# lighting for planted aquarium



## oyf709 (Sep 18, 2010)

Hi all you expert in planted tank, just wanna ask if you guys think those normal grow lights for regular plant be good for planted aquarium?

My understand those grow lights might have more red and green spec in there compare to the normal aquarium lights.
I was thinking if red/green helps flower plants, would that also help those aquatic plants that does have flower?

I am a total n00b in planted tank so any input would be great


----------



## jbyoung00008 (May 16, 2011)

You need to be more specific than saying normal grow lights. Are they cfl, metal halide, t5, t8? How many K's? watts?


----------



## bcorchidguy (Jan 14, 2011)

More information = better answers, what size of tank, what kind of plants, how deep is your tank. What lights do you mean as JB asks, CFL... compact fluorescents, Metal Halide or sodium vapour, T5, HO T5, T8, T12 (old so not worth it) K refers to colour but if you're talking grow lights I know what you mean, and finally, wattage... typically a 48in tube will be between 34-40 watts.

Douglas


----------



## oyf709 (Sep 18, 2010)

It is LED grow light, 132w in total

probly just a bit longer than 16inches long, I am not sure the color temp for the light. I assume ppl selling these for gree house plants

Similar to this one selling on ebay
http://www.ebay.com/itm/HOT-Apollo-...122?pt=LH_DefaultDomain_0&hash=item4aba33b672

But instead of all red lights, it comes with 10% red, 20%blue and th rest are white LED.


----------



## bcorchidguy (Jan 14, 2011)

Light is made up of three different spectrums, red, yellow and blue, when you are looking at fluorescent higher priced day light tubes are tri phosphors which means they have 3 different phosphors that glow when current is applied and the combination of the 3 make the light look like sunlight. Lights are graded in their kelvin rating which means how close they resemble a carbon block that is heated to a specific temperature. IE, if you heat a carbon block to 3600 degrees kelvin the colour it glows is similar to how a 3600k fluorescent tube will glow.
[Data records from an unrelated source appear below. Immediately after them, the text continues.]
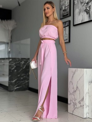 Wprowadź do swojej garderoby nutę subtelnej elegancji z pudrowo-różowym kompletem damskim. Zestaw tworzy lekki top bez ramiączek, który podkreśla linię ramion i dodaje dziewczęcego uroku. Do kompletu dołączone są szerokie spodnie z wysokim stanem z ozdobnym paskiem wiązanym w talii, które pięknie wysmuklają sylwetkę. Stylowe rozcięcia po bokach nogawek dodają lekkości i sprawiają, że komplet świetnie sprawdzi się w ciepłe, letnie dni. To idealna propozycja na romantyczne spacery, wakacyjne wyjścia czy stylowe letnie przyjęcia.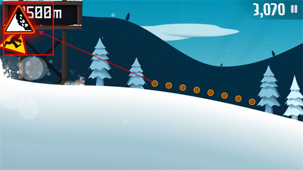 7、要是右上角的雪崩标志剧烈晃动且不停闪烁,便意味着雪崩即将追上你。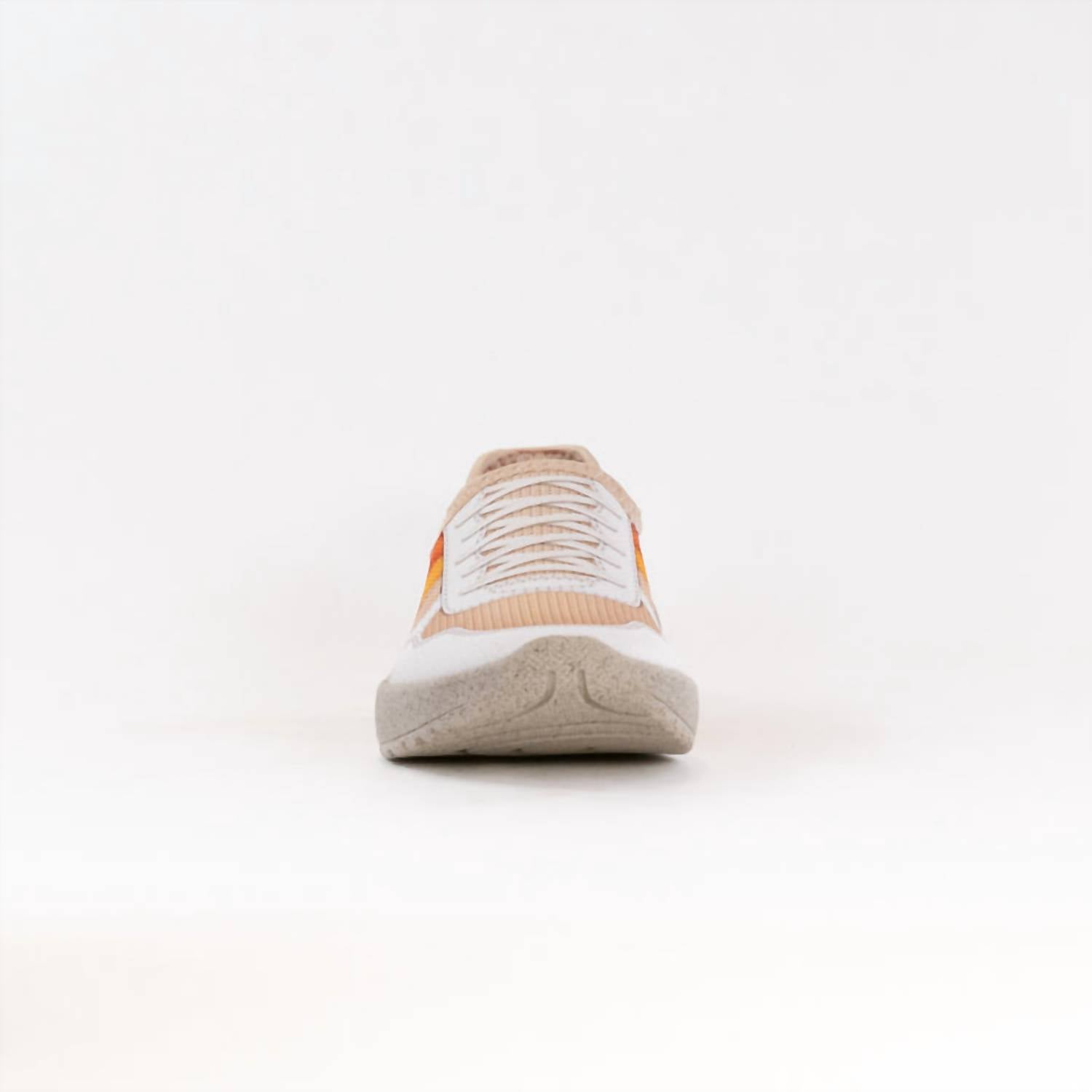 When fashion and function come together seamlessly. Introducing the Women's Court Sneakers by PSUDO in Mojave/multi, crafted for both style and sustainability. These sneakers boast a lightweight Repreve fabric, machine washable and made from recycled materials, offering breathable and sweat-wicking comfort. Designed with printed laces for a stylish touch and featuring soft cushioning with anatomically correct arch support for optimal all-day comfort. Enjoy the convenience of an anti-microbial insole and the option to wear with or without socks.

For our own eyes we tend to prefer 5000k-6500k as it resembles noon day sun (5000k is the colour daylight as it is as close to noon day sun at the equator at sealevel). Plants don't share our taste though and they respond best to light more in the red/blue spectrum which is why plant lights look pinkish purple. To much red though (if I remember right) your plants will grow tall and spindly, to much blue and they'll grow short and squat... or flip that around. Plant lights are designed to have a good balance between the red/blue so your plants grow fast. On an aquarium you may find it's best to have 20%-30% of your light come from grow or plant lights and the remainder of your light from daylight tubes so you can enjoy your tank to it's fullest.

Douglas


----------



## Reckon (Jul 25, 2012)

bcorchidguy said:


> Plants don't share our taste though and they respond best to light more in the red/blue spectrum which is why plant lights look pinkish purple. To much red though (if I remember right) your plants will grow tall and spindly, to much blue and they'll grow short and squat... or flip that around. Plant lights are designed to have a good balance between the red/blue so your plants grow fast.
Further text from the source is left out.